On September 29, 2018, against Louisiana, Waddle had three receptions for 138 yards and two receiving touchdowns to go with a 63-yard punt return for a touchdown. In the SEC Championship against Georgia, he had four receptions for 113 yards and a touchdown in the win. As a true freshman at Alabama in 2018, Waddle was named the SEC Freshman of the Year after recording 45 receptions for 848 yards and seven touchdowns. As a punt returner, he also returned 16 punts for 233 yards and a touchdown.

Waddle returned to the Crimson Tide for his sophomore season in 2019. He recorded 33 receptions for 560 yards and scored six receiving touchdowns. He also returned a punt 77 yards for a touchdown against LSU and a kickoff 98 yards for a touchdown against Auburn. He was named first-team All-SEC as a return specialist and was named SEC Special Teams Player of the Year. He led the NCAA in both punt return yards (487) and average punt return yards (24.4).

In his first four games of the COVID-19 pandemic-shortened 2020 season, Waddle recorded at least 120 receiving yards in each of the games. He had eight receptions for 134 yards and two touchdowns in the win over Missouri on September 26. In the following game, a win over Texas A&M, he had five receptions for 142 yards and one touchdown. In the next game, a win over Ole Miss, he had six receptions for 120 yards. In the next game, against Georgia, he had six receptions for 161 yards and a touchdown in the win. On October 24, Waddle broke his right ankle when he was tackled while returning the opening kickoff in a game against Tennessee.

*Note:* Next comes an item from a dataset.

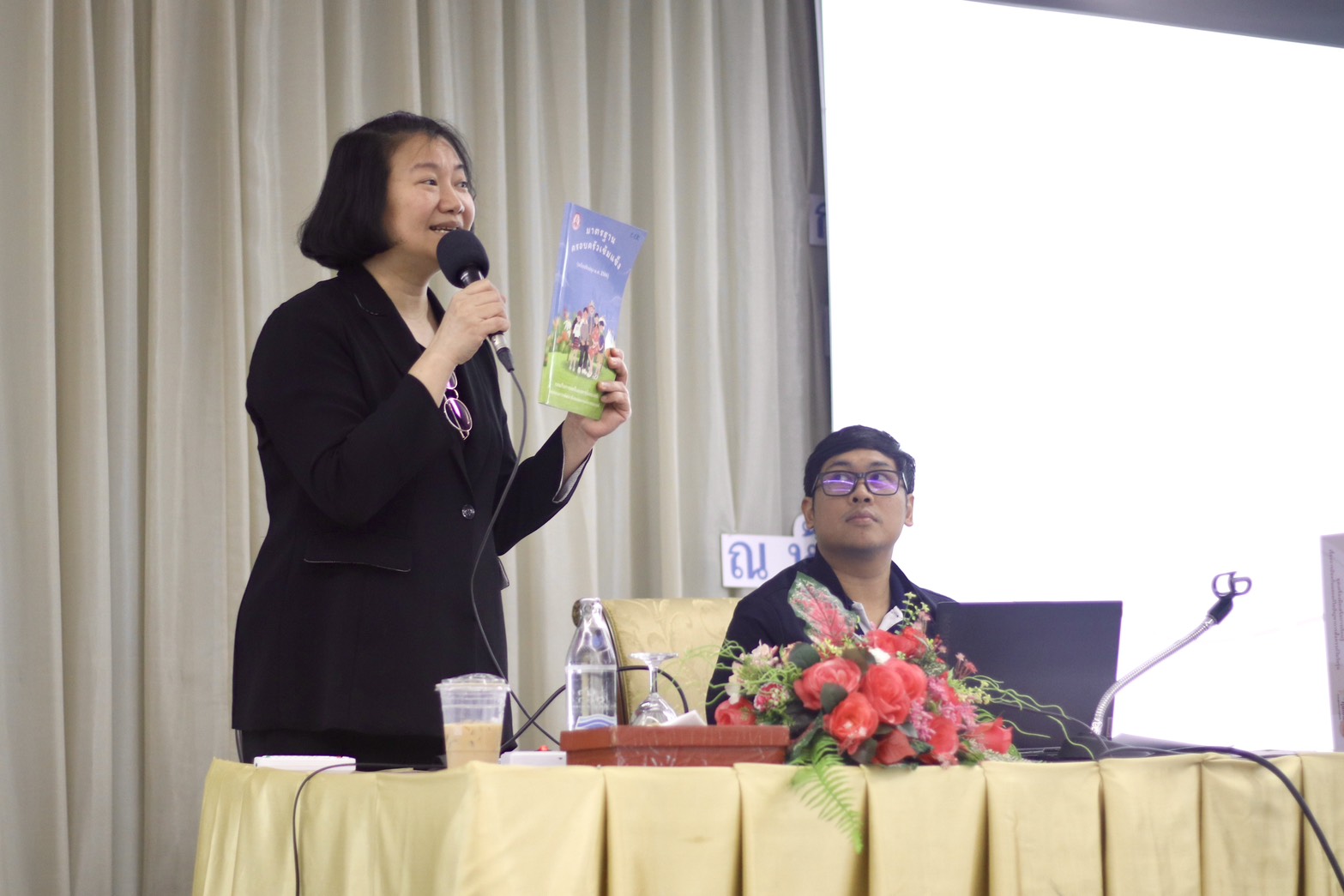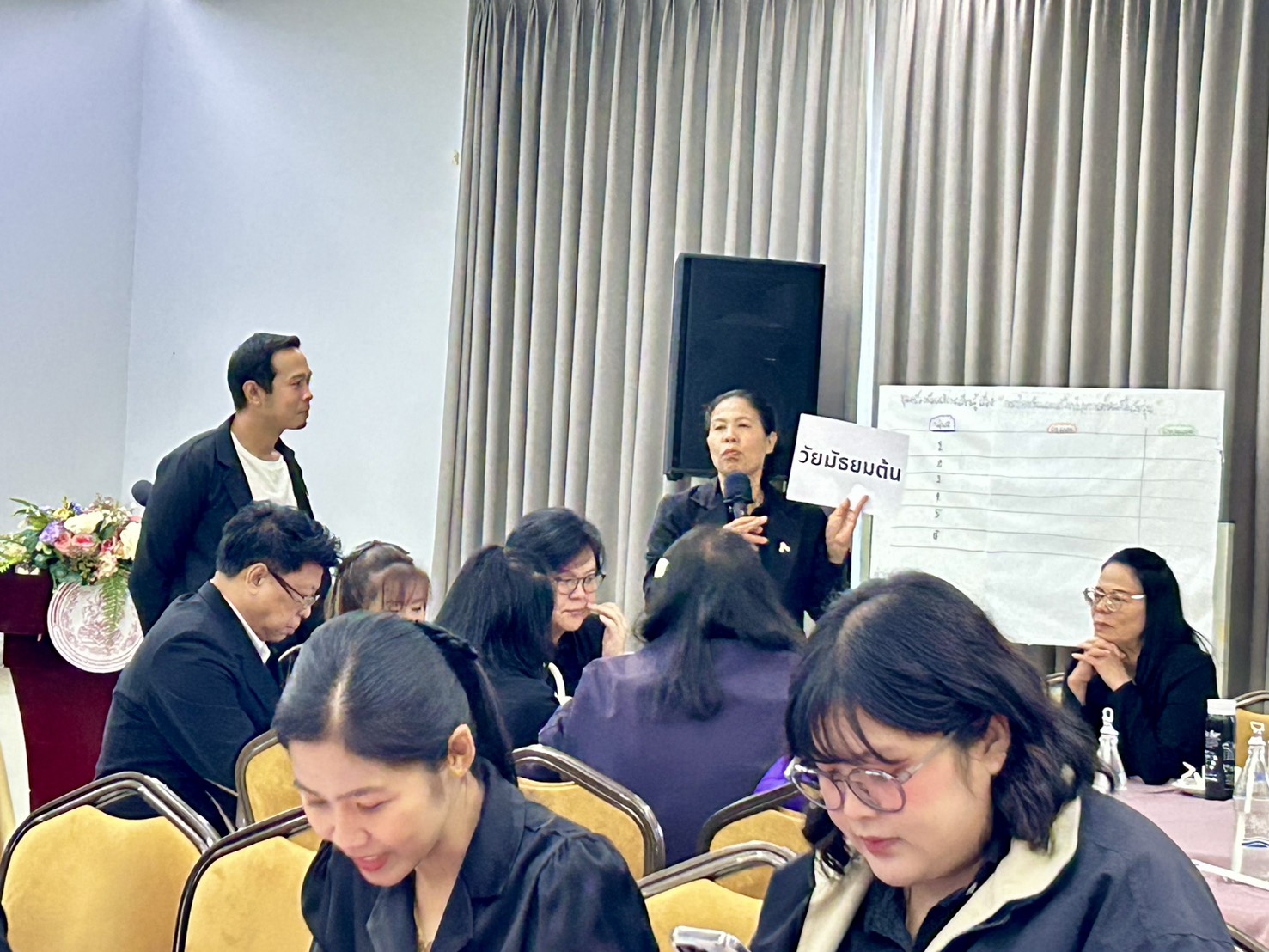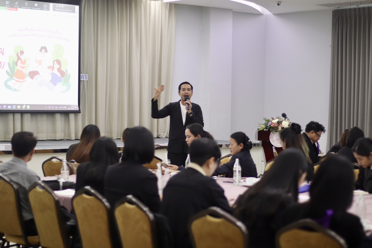 วันที่ 12 พฤศจิกายน 2568 เวลา 09.00 น. ณ โรงแรมเดอะ พาลาสโซ กรุงเทพมหานคร กองยุทธศาสตร์และแผนงาน ร่วมกับกองส่งเสริมสถาบันครอบครัว กองส่งเสริมความเสมอภาคระหว่างเพศ และกองคุ้มครองและพัฒนาอาชีพ จัดประชุมเชิงปฏิบัติการขับเคลื่อนนโยบายด้านสตรี ครอบครัว และความเสมอภาคระหว่างเพศ : จากนโยบายไปสู่การปฏิบัติ โดยรับฟังบรรยาย เรื่อง การส่งเสริมความเข้มแข็งของครอบครัว 7 มิติตามมาตรฐานครอบครัวเข้มแข็ง และการสร้างพื้นที่สร้างสรรค์สำหรับครอบครัวทุกช่วงวัยในชุมชนและดำเนินกิจกรรมกลุ่มเพื่อทดลองใช้ชุดเครื่องมือส่งเสริมการเรียนรู้เรื่องการป้องกันและแก้ไขปัญหาการตั้งครรภ์ในวัยรุ่น ให้แก่ผู้บริหาร พมจ. 76 จังหวัด และ สสว.1-11 ซึ่งจัดขึ้นระหว่างวันที่ 10-12 พฤศจิกายน 2568 ในการนี้ นายนัธทวัฒน์ ธนโชติชัยพัชร์ ผู้อำนวยการศูนย์เรียนรู้การพัฒนาสตรีและครอบครัวฯ จ.ชลบุรี พร้อมด้วยนางสาวรัชดาภรณ์ ดอนมอญ เจ้าหน้าที่ช่วยปฏิบัติงานด้านนักสังคมสงเคราะห์ เข้าร่วมประชุม

Waddle returned for the National Championship game against Ohio State. On January 14, 2021, Waddle announced that he would forgo his senior season and enter the 2021 NFL draft.

==Professional career==

Pre-draft measurables
| Height | Weight | Arm length | Hand span | Wingspan | 40-yard dash |
| 5 ft 9+1⁄2 in (1.77 m) | 180 lb (82 kg) | 30+3⁄8 in (0.77 m) | 9+1⁄8 in (0.23 m) | 6 ft 2+5⁄8 in (1.90 m) | 4.37 s |
All values from Pro Day

=== Miami Dolphins ===
Waddle was selected sixth overall in the 2021 NFL draft by the Miami Dolphins, reuniting him with his college quarterback Tua Tagovailoa. On May 14, 2021, Waddle signed with the Dolphins on a $27.1 million deal.

==== 2021 ====
In his first NFL game on September 12, 2021, Waddle faced off against former Alabama teammate quarterback Mac Jones and the New England Patriots. Waddle caught 4 of his 6 targets for 61 receiving yards, and also caught his first NFL receiving touchdown on a 3-yard pass from Tua Tagovailoa in the 17–16 win. His first big breakthrough came in Week 12 against the Carolina Panthers, finishing with 137 receiving yards as the Dolphins won 33–10. Throughout the season, Waddle became known for his waddling celebrations after touchdowns, inspired by his last name.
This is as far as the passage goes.